Sébastien Lecornu se retrouvait dans une équation impossible et le retour au gouvernement de l’ancien ministre des Finances Bruno Le Maire, considéré comme l’un des responsables de l’aggravation brutale de la dette sous la présidence Macron depuis 2017 (entre 800 et mille milliards de plus) a été la bombe qui a fait tout exploser. Le Maire avait été nommé, dimanche, au ministère de la Défense. L’homme, venu de la droite qu’il avait trahi pour rejoindre Macron, a aussitôt concentré les tirs de barrage. C’est donc bien la dette et les comptes publics du pays qui ont tué ce gouvernement mort-né alors qu’un projet de budget pour 2026 doit être présenté au Parlement avant le 13 octobre.

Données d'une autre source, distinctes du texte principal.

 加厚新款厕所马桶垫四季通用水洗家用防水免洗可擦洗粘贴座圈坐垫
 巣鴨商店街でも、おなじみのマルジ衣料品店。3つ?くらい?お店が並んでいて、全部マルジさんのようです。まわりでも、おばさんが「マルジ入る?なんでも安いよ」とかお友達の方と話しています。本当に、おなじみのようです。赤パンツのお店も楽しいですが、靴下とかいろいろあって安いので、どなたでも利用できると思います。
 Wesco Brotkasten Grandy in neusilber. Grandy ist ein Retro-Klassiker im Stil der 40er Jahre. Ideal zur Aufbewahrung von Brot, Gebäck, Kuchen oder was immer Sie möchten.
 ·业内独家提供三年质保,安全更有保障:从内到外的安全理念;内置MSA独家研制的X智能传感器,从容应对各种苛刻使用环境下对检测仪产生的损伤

La déroute du « socle commun »
Le troisième responsable de cette déroute politique est le «socle commun», le bloc central jusque-là favorable au président, mais minoritaire à l’Assemblée nationale. Il va théoriquement de la droite traditionnelle au centre gauche. Mais il a échoué à plusieurs reprises à rallier les socialistes dont le soutien est crucial avec leurs 66 députés, faute de volonté de mettre en œuvre quelques mesures fortes réclamées par la gauche sociale-démocrate, comme la taxation des plus riches ou l’abrogation de la réforme des retraites promulguée en avril 2023.

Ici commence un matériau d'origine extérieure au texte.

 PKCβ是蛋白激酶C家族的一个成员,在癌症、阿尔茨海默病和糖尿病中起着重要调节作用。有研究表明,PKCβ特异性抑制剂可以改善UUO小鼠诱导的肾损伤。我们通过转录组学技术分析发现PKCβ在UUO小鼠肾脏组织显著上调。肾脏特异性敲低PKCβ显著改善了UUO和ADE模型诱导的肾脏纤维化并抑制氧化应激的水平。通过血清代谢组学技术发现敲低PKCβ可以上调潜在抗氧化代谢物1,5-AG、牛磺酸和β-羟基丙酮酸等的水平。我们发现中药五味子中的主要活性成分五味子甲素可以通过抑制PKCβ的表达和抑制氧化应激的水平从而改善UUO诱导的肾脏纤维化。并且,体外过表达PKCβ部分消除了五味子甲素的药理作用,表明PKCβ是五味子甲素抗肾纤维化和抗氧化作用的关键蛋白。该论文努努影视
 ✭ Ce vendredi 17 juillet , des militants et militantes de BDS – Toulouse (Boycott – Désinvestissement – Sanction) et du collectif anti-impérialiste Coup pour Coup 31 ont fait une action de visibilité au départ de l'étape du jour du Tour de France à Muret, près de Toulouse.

Le « bloc central » a donc viré à droite, et sa survie dépendait du soutien des « Républicains », l’ancien parti de Nicolas Sarkozy et François Fillon. Or celui-ci a tiré la prise dans les heures qui ont suivi l’annonce du gouvernement. Son chef, le ministre de l’Intérieur Bruno Retailleau, a refusé de cautionner le retour au gouvernement de Bruno Le Maire. Fin de partie. L’explosion a tout emporté.

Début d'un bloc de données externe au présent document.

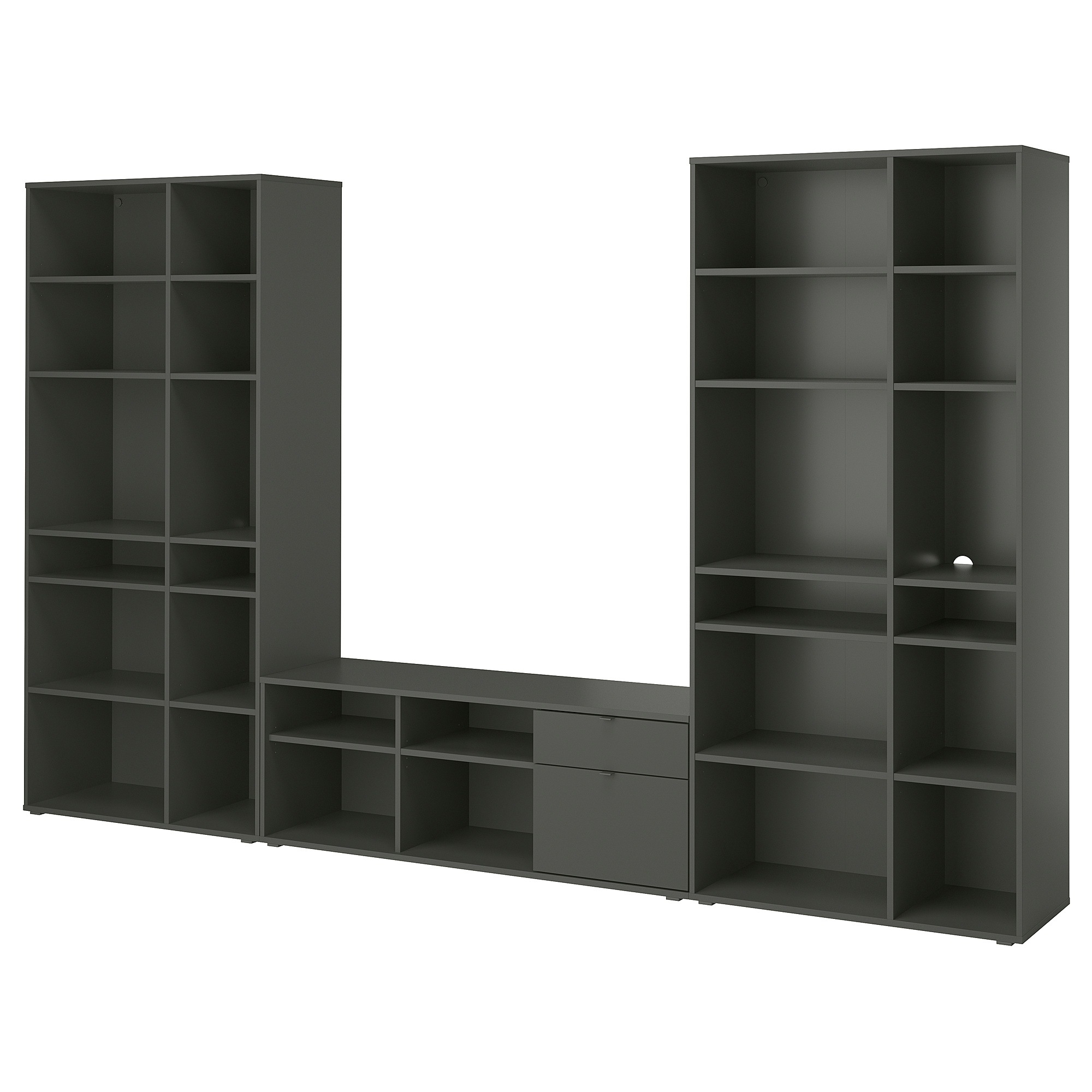 Серія для зберігання VIHALS має єдиний дизайн, який об'єднує приміщення у всьому будинку. Ця комбінація дозволяє приховати безлад з пультами та кабелями, щоб ви могли розслабитися та зосередитися на розвагах.
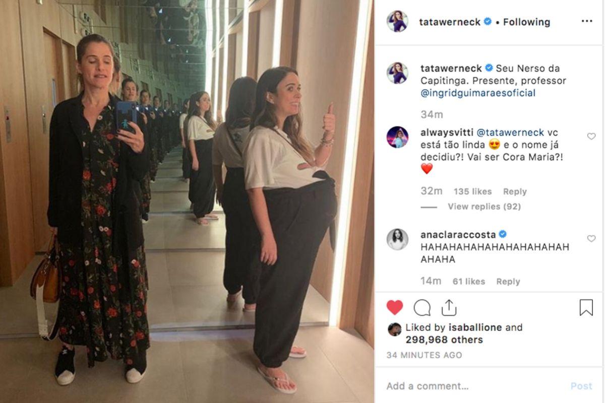 Tatá Werneck compartilhou nesta sexta-feira, 27 de setembro, em seu Instagram uma foto com a amiga Ingrid Guimarães e, mostrando o tamanho da sua barriga na reta final da gravidez. Aliás, ela também respondeu nos comentários o fã clube que perguntou o nome da sua filha. E, com certeza, a foto e a resposta nos deixaram ansiosas para a chegada da herdeira!
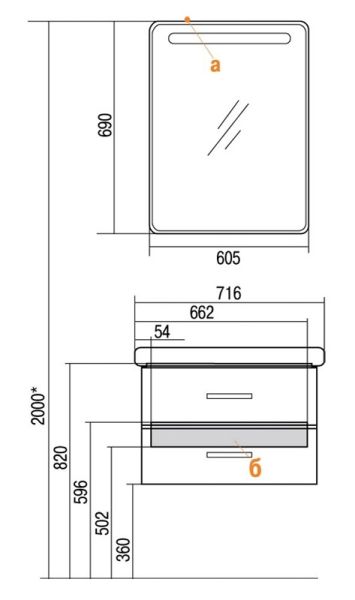 Стильная лаконичная модель, созданная для небольших ванных комнат. В тумбе имеются два ящика, изготовленные из декоративной влагостойкой ДСП. Верхний ящик имеет специальную организацию пространства, позволяющую хранить мелкие предметы, а нижний широкий и вместительный для более крупных предметов.
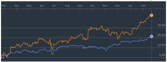 Adobe与标普500指数过去一年股价表现(来源:彭博)
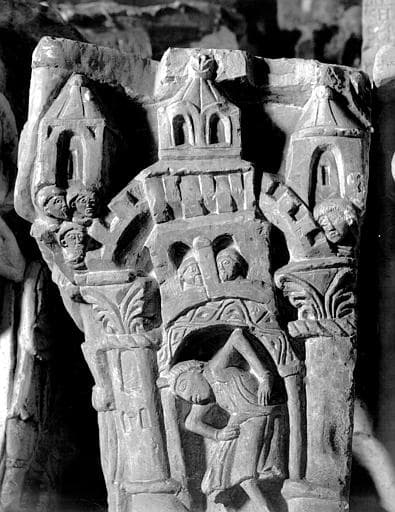 Musée lapidaire, chapiteau provenant des arcatures du choeur : Samson emportant les portes de Gaza
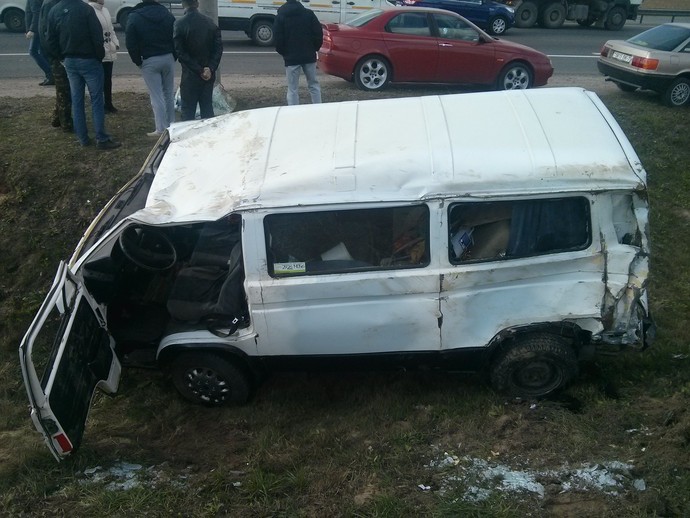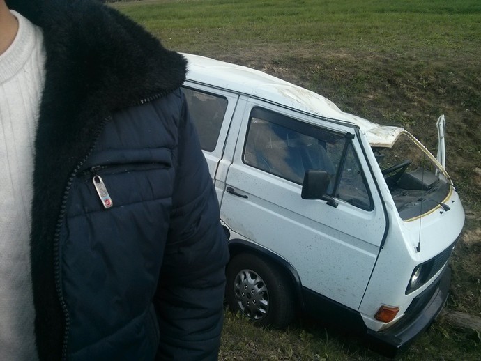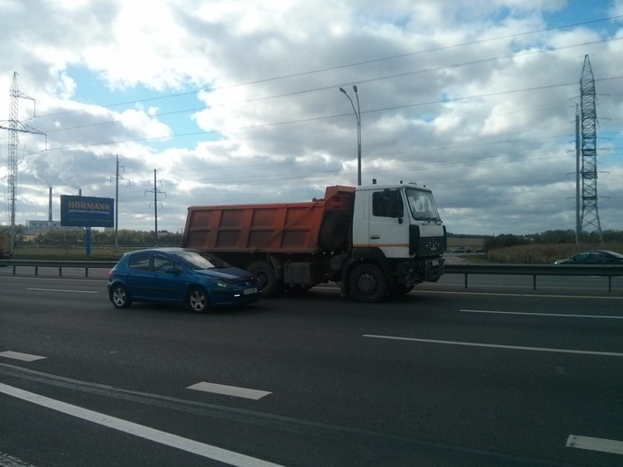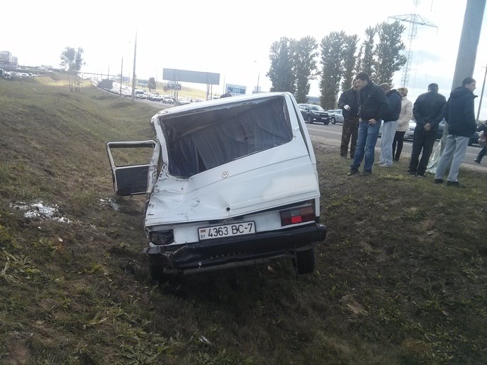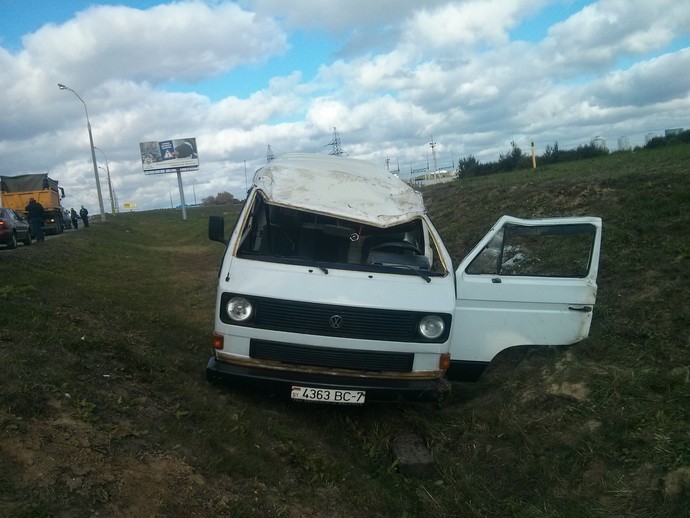 Очевидцы поделились видео происшествия, которое случилось в субботу утром на внутреннем кольце МКАД. Напомним, перед съездом на Мазурова груженый щебнем МАЗ, не успевая затормозить перед микроавтобусом Volkswagen T3, попытался объехать его слева, но задел. От удара микроавтобус понесло в правую полосу и затем, с переворотом, в кювет.

Un président démuni et assiégé
Le quatrième point à retenir est que cette déroute politique, qui transforme Emmanuel Macron en président démuni et assiégé jusqu’à la fin de son mandat en mai 2027, est que deux partis sortent vainqueurs de cette crise : le Rassemblement national (droite nationale populiste) et La France Insoumise (gauche radicale). Tous deux réclament depuis le début une nouvelle dissolution de l’Assemblée nationale. Tous deux réclament (moins fortement du côté du RN) la démission d’Emmanuel Macron
L’explosion politique qui vient de survenir montre qu’ils ont donc eu raison. Les socialistes, qui avaient refusé leur soutien à Sébastien Lecornu, peuvent eux aussi espérer sortir par le haut de cette déroute mais ce sera compliqué, vu qu’ils ont négocié avec le Premier ministre démissionnaire. La France politique radicalisée sort victorieuse de cette séquence. Emmanuel Macron sort pulvérisé. Les institutions sont ébranlées pour la première fois depuis la promulgation de la Constitution de 1958. Le pays du Général de Gaulle, réputé pour sa stabilité, ressemble à un navire politique en pleine tempête, qui se rue sur les icebergs.